Chain-of-Thought Trace Formatter

Reformat verbose CoT reasoning into a clean numbered step trace.

Detects reasoning steps in LLM output — numbered, lettered, bulleted, or prose-style — and reformats them into a clean numbered trace with step IDs plus a separated final-answer section, making long chain-of-thought output skimmable. It runs free in your browser on Gera Tools, with nothing uploaded.

Last updated Source: Gera Tools

What step formats are detected?

Numbered (1. / 1) / Step 1:), lettered (a. / A)), bulleted (- / * / •), and prose markers like First, Next, Then, Finally. When no explicit markers exist, it falls back to splitting on blank lines so you still get a readable trace.

Chain-of-thought trace formatter

Chain-of-thought output is invaluable for debugging a model’s reasoning, but raw CoT is a wall of prose with inconsistent step markers — sometimes numbered, sometimes “First… then… finally”, sometimes just paragraphs. This tool detects whatever structure is there, normalises it into a clean numbered trace with step IDs, and separates the final answer so you can scan the logic at a glance.

How it works

The formatter scans the text for step boundaries using a priority of marker styles: explicit numbering (1., Step 2:), letters (a), B.), bullets (-, *, ), and prose transitions (First, Next, Then, Finally). It splits the text at those boundaries into discrete steps and renumbers them sequentially with S1, S2, S3 IDs. It then searches the tail for a conclusion marker — Final answer, Answer:, Therefore, In conclusion — and lifts that segment into a dedicated final-answer panel. When no markers exist at all, it falls back to splitting on blank lines so even unstructured reasoning becomes a readable list. Nothing is paraphrased; every character of input is preserved in its new home.
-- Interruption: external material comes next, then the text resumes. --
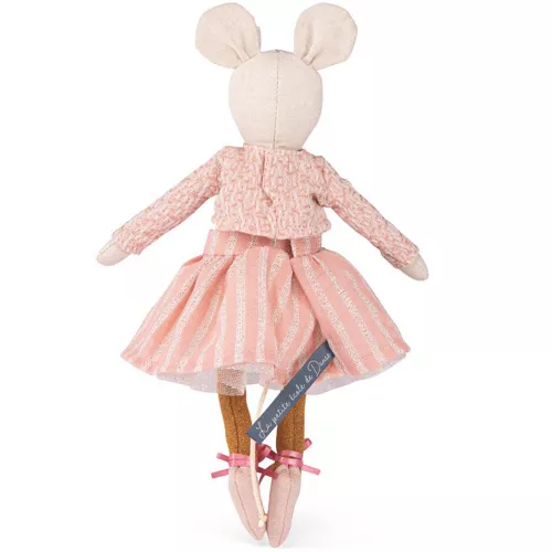 Deze hartveroverende knuffelmuis ‘Poupée Souris Anna’ is een danseres uit de collectie ‘La petite école de danse’ van het Franse merk Moulin Roty. De muizenknuffel van chambray is feestelijk uitgedost in haar roze danskleding met ballerina’s.

Why chain-of-thought traces are hard to read raw

When you prompt a model with chain-of-thought instructions, the output is verbose by design. A single reasoning trace for a multi-step problem might span 600–2,000 tokens of dense prose where the model works through considerations, revises earlier assumptions, and arrives at a conclusion. Reading that linearly is slow, and spotting where the reasoning went wrong requires holding the whole trace in working memory.
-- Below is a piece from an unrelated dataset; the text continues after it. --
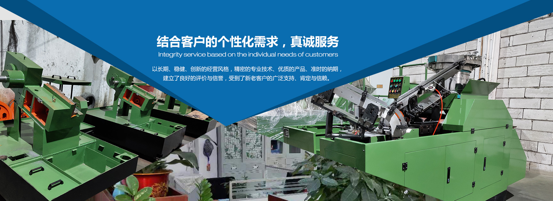 東莞市勝鑫五金機械有限公司成立于2013年,是一家集設計開發(fā)、生產制造,質量管控,物流平臺于一體緊固件生產設備整體解決方案綜合性企業。本廠擁有經驗豐富專業機械設計開發(fā)團隊及配置高精密度的加工、質量控制設備用于精密機械制造。本公司專業制造合模機、開合模機、打頭機、冷鐓機、搓牙機、一模二沖打頭機、四模四沖螺絲成型機等緊固件生產設備并提供各機型配件生產支持,以經驗豐富的專業設計及以先進生產技術,優(yōu)質服務,提供適合客戶需求的各類緊固件生產設備,設備廣泛使用于各類緊固件生產,并可根據客戶要求,為客戶設計制造各種非標螺絲機械,并提供調試,配件供應及專業維修服務。結合客戶的個性化需求,真誠服務。以長期、穩(wěn)健、創(chuàng)新的經營風格,精密的專業技術、優(yōu)質的產品、準時的納期,建立了良好的評價與信譽,受到了新老客戶的廣泛支持、肯定與信賴。 創(chuàng)造提升客戶競爭力的價值,立足于中國國內市場,打造勝鑫品牌,為全球客戶提供穩(wěn)定的安全的供應鏈服務。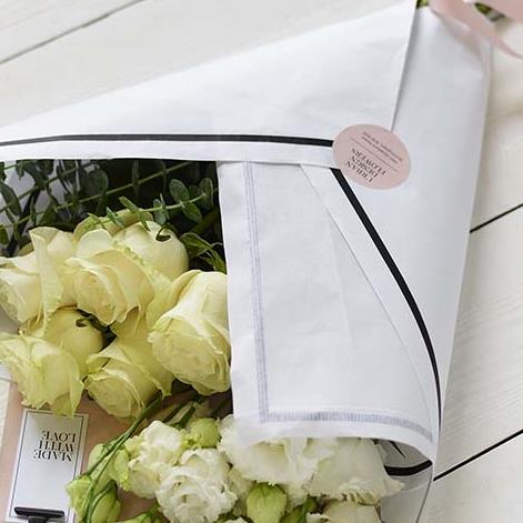 A relaxed collection of lush white flowers in a chic white gift wrap. Beautifully minimal, the lucky person receiving them has creative freedom to arrange them just how they like.

The specific problems a formatter solves:

  • Inconsistent markers. The same model may number steps with “1.”, “Step 1:”, “First,”, or ”-” across different responses, making programmatic parsing unreliable without normalization.
  • Mixed reasoning and conclusion. The final answer often gets buried at the end of a long paragraph rather than standing apart. Separating it makes it immediately findable.
  • Inconsistent granularity. Some steps in the same trace are a sentence; others are a paragraph. Normalising to a step-per-boundary structure makes comparison across traces easier.
  • Copy-paste awkwardness. Raw CoT has no clean copy target — the formatter gives you a single “copy trace” action.

Using formatted traces for evaluation

Formatted CoT traces are particularly useful in LLM evaluation workflows:

Reviewing model reasoning on hard cases. When a model gives a wrong answer, the trace shows where the reasoning diverged. With numbered steps and an isolated conclusion, you can identify specifically at step S3 where a wrong assumption entered, rather than re-reading the whole output.

Comparing traces across models or prompts. Normalized step numbering makes it easier to align traces from two different model configurations and see where they diverged.

Spotting sycophancy and revision patterns. Some CoT traces include self-correction steps where the model revises an earlier answer. These are easy to miss in raw prose but visible when the trace is step-numbered and you can see “S4: revising my earlier conclusion from S2”.

Prompt debugging. If a model is skipping a reasoning step you expected, a clean trace makes the gap obvious in a way that raw output does not.

Tips and notes

  • Great for eval review. A clean numbered trace makes it obvious where a model’s reasoning diverged, which is hard to spot in raw prose.
  • Prose-style works too. “First I considered… then I checked…” is detected even without numbers.
  • The final answer is highlighted. Use it to confirm the conclusion actually follows from the listed steps.
  • Everything is local. No network calls; copy the formatted trace with one button.